Energetics’ analysis found that the investment needed in charging infrastructure is estimated to exceed $1 billion for franchised new car Dealers in Australia.

“The cost of chargers and associated network upgrades is significant, but Dealers understand the importance of investing in this infrastructure and their role in educating customers on EVs,” said AADA CEO James Voortman.

“New car dealerships will be at the forefront of rolling out EV chargers as manufacturers require them to install chargers in their showrooms and service departments as part of their franchise agreements.”

“Many consumers considering taking the leap and buying a new EV are looking for their Dealer to provide education about the vehicle and the charging experience. The availability of EV chargers in dealerships means vehicles in stock can be charged and made available for test drives while buyers can also see first-hand how charging works,” said Mr Voortman.

“Evidence suggests, the majority of new EV owners will be servicing their vehicles with an authorised repairer under manufacturer warranty, so it’s important that Dealers can ensure these vehicles are able to be charged,” he said.

“This report makes an important contribution to this issue, especially in light of Energy Minister Chris Bowen’s recent announcement of $60 million in support of car Dealers installing EV chargers.”

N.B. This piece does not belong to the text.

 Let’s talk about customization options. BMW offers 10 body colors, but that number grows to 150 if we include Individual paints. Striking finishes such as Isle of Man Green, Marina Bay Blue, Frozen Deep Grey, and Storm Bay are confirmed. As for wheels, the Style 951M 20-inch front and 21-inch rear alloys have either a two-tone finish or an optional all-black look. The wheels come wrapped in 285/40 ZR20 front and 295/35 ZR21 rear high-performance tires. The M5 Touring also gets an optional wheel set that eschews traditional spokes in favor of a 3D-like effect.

“The work done by Energetics can be an important resource for the Government in developing the details of the $60 million car Dealer charging fund,” Mr Voortman said.

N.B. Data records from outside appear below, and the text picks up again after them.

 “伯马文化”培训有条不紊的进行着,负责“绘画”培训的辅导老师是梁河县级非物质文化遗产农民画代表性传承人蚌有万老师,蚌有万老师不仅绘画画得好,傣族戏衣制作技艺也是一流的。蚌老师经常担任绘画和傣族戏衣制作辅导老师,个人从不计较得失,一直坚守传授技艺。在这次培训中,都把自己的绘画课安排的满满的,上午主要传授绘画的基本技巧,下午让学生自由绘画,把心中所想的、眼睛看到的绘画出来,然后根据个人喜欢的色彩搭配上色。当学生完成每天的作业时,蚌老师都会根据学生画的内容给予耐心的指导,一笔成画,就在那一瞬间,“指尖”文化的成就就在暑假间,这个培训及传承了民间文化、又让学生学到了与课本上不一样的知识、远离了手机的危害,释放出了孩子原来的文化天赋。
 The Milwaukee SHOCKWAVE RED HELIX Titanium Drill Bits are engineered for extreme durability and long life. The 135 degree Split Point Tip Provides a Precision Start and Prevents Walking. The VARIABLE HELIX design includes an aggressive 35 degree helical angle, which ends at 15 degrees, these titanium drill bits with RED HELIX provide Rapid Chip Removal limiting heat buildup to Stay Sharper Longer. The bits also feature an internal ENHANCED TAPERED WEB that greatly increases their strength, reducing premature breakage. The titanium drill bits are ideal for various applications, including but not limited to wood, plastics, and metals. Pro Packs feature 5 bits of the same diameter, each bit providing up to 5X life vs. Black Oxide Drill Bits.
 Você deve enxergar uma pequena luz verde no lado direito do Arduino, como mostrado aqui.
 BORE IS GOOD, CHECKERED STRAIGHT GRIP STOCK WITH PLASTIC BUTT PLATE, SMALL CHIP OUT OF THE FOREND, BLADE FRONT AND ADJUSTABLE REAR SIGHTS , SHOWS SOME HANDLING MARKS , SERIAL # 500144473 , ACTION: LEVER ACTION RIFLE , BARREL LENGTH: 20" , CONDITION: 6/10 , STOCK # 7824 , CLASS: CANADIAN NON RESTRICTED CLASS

Energetics’ analysis found that:

  • Investment needed in infrastructure is estimated to exceed $1 billion for franchised new car Dealers in Australia.
  • With over 3,100 Dealers nationwide, the capital investment is expected to range from $130,000 for a typical regional Dealer to $580,000 for a typical rural Dealer.
  • The rollout of EVs is anticipated to occur in metropolitan areas at a faster rate initially than regional and rural locations. This is mainly due to the availability of the necessary infrastructure. Customer demand is also expected to be greater in metropolitan locations.
  • As rural dealerships are assumed to require the largest upgrades to electrical infrastructure, upgrade costs are higher than those for metropolitan and regional dealerships.
  • Dealerships need to carefully consider the type of EV chargers installed on-site. Some locations may not need Level 3 charging capacity (e.g. metropolitan and regional dealerships), although this will often be determined by the OEM and written into Dealer Agreements.
  • Dealerships may face lead times of up to two years for the installation of certain infrastructure. These include electrical infrastructure upgrades (e.g. installation/upgrading of transformers) and charging requirements (e.g. Level 3). Rural dealerships can expect longer delays.
  • Dealership employees will be supporting the marketing, sale, and service of EVs.
  • OEMs may have their own emissions reductions targets. They may also respond to new vehicle efficiency standards globally. Both factors can lead to expectations and requirements of their dealerships with regards to the implementation of EV charging infrastructure and the range of EVs for sale. Noting some OEMs may be able to share the financial burden of the new EV infrastructure, and Dealers should investigate any such potential.
  • Australia’s new National Vehicle Emissions Standards (NVES) will likely increase the demand for plug-in hybrid electric vehicles and EVs, requiring Dealers to invest in onsite charging and infrastructure upgrades.